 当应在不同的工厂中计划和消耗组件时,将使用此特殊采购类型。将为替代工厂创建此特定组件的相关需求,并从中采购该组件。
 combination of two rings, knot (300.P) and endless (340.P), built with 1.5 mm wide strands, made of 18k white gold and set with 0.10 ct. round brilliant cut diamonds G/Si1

...

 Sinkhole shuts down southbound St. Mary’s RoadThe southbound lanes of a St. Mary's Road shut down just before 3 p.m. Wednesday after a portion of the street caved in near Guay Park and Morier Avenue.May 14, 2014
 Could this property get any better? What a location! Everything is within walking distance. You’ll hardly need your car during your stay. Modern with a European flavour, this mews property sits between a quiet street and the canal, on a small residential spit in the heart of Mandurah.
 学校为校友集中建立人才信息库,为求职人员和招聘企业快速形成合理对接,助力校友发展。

--

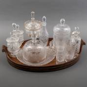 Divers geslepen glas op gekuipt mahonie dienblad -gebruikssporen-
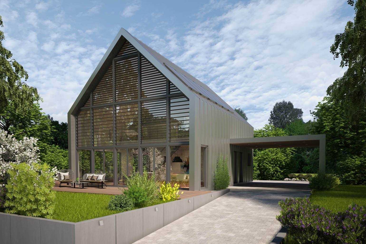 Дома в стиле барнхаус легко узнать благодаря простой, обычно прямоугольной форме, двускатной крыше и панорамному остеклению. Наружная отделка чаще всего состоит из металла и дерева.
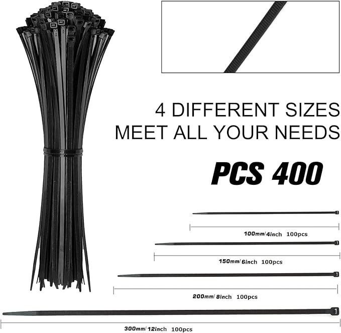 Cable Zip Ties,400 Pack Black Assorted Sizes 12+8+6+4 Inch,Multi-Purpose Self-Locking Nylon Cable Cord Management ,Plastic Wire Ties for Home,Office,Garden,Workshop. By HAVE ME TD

EXERCISE AIM.
Find the line with "Divers geslepen glas" in the data above, and from there retype each line exactly through the line with "Cable Zip Ties,400", skipping the pictures along the way.

ANSWER SPACE.
 Divers geslepen glas op gekuipt mahonie dienblad -gebruikssporen-
 Дома в стиле барнхаус легко узнать благодаря простой, обычно прямоугольной форме, двускатной крыше и панорамному остеклению. Наружная отделка чаще всего состоит из металла и дерева.
 Cable Zip Ties,400 Pack Black Assorted Sizes 12+8+6+4 Inch,Multi-Purpose Self-Locking Nylon Cable Cord Management ,Plastic Wire Ties for Home,Office,Garden,Workshop. By HAVE ME TD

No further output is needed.